One of the contractual documents (a construction contract) entered into in relation to the purchase by the Johnstone-Sydneys contained the following entire agreement clause:

This Agreement forms the entire agreement between the Parties and unless specifically agreed by the Designer/Builder in writing after the date of this Agreement, no warranty, condition, description or representation is given or to be implied by anything said or written in the negotiations between the Parties or their representatives prior to this Agreement.”

The judge swiftly concluded that the construction contract (relating only to the construction of the houseboat and not to the wider transaction) was clearly not the entirety of the agreement reached with Johnstone-Sydneys, nor could this clause make it so. Although the representations as to mooring at Hampton Riviera were not covered in either the construction contract or any other sale document, they were basic to the parties' bargain.

If the entire agreement clause had covered those representations, the judge pointed out that it would nevertheless have been unfair and unreasonable applying the reasonableness test in section 11 of UCTA, by virtue of both:

  • Section 3 of the Misrepresentation Act 1967, which provides that a contractual term purporting to exclude or restrict liability for misrepresentation is of no effect except insofar as it satisfies the reasonableness test; and
  • Section 3(2)(b)(i) of UCTA, which provides that a party cannot claim to be entitled to render a contractual performance substantially different from that reasonably expected, save insofar as the term satisfies the reasonableness test. The judge confirmed that this can apply in the case of an entire agreement clause, citing AXA Sun Life Services Plc v Campbell Martin Ltd [2011] EWCA Civ 133.

On the facts of the case, the reasonableness test was not satisfied in view of the bargaining position of the parties and the lack of negotiations over the terms of the agreement.

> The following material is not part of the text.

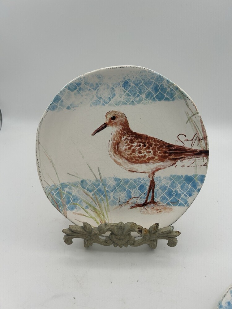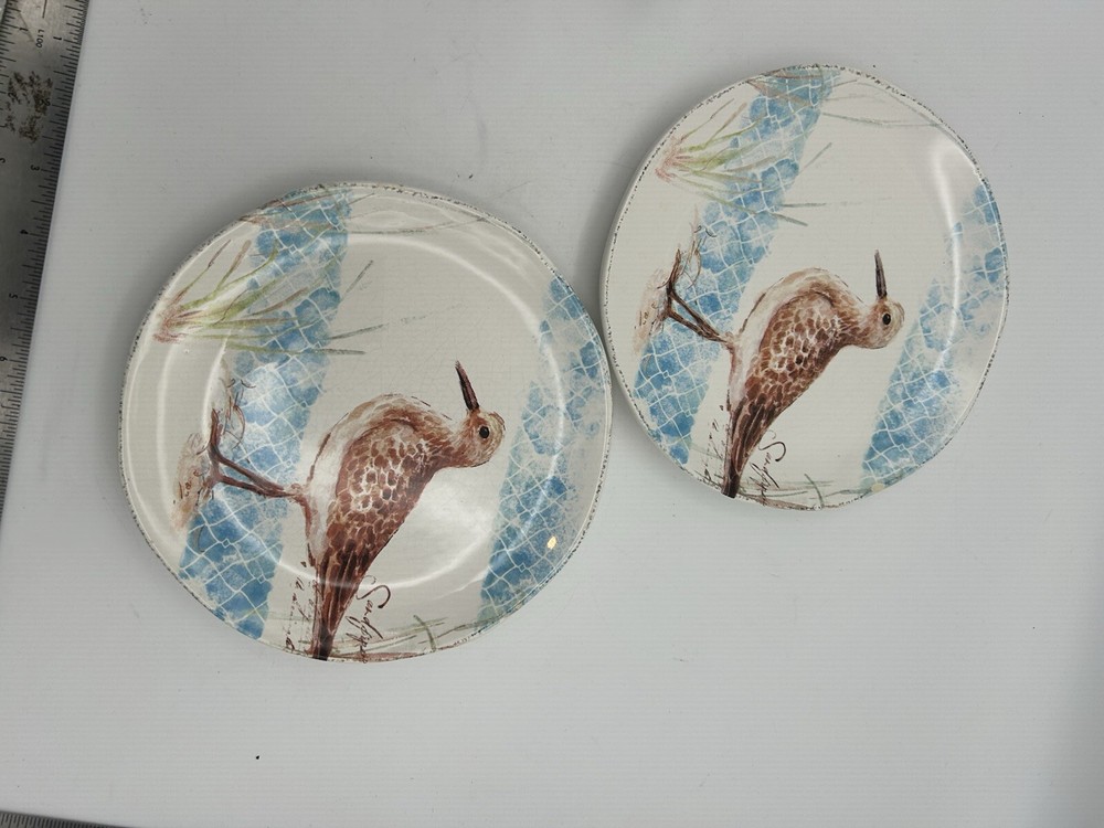 Elevate your dining experience with these 2 Pier 1 Imports Sandpiper dinner plates, featuring a charming ocean beach design that brings a touch of seaside tranquility to your table. Each plate measures 8 inches in diameter, ideal for serving a variety of dishes that are sure to impress your guests. Crafted from high-quality earthenware, these plates are both durable and convenient, being dishwasher safe for easy cleanup. The Sandpiper collection, known for its bird theme, is an original product line that adds both functionality and style to your dinnerware collection. Enjoy the blend of design and practicality with these delightful dinner plates. SKU 4002

The Buyers were granted damages based on the difference between what had been paid for the houseboats and their values taking into account the prospect of obtaining alternative moorings.

Entire agreement clauses are controversial boilerplate provisions and frequently the cause of disputes.

This case acts as a useful reminder that an entire agreement will not necessarily have the intended effect of excluding other terms, particularly if the agreement in which it is included only relates to a specific part of the transaction. A court will look very closely at an entire agreement clause where a party contends that it excludes from the contract terms which appear to be basic to the parties' bargain. Reliance on a clause which is not tailored to the particular circumstances of the transaction in question increases the risk that matters not contained within the written agreement will be considered to be terms of the parties' agreement.

Where an entire agreement clause is subject to the reasonableness test in section 11 of UCTA, there is, as this case confirms, no bullet proof wording that can be used to create an effective exclusion. A court will look at the effect of the clause in the particular set of circumstances whether it is fair and reasonable for the clause to be included in the contract.

This case also highlights the importance of coherent contractual documentation, which fits together without overlap or inconsistency and which captures important terms in writing to reduce the risk of needing a court decision on what the parties intended their agreement should be.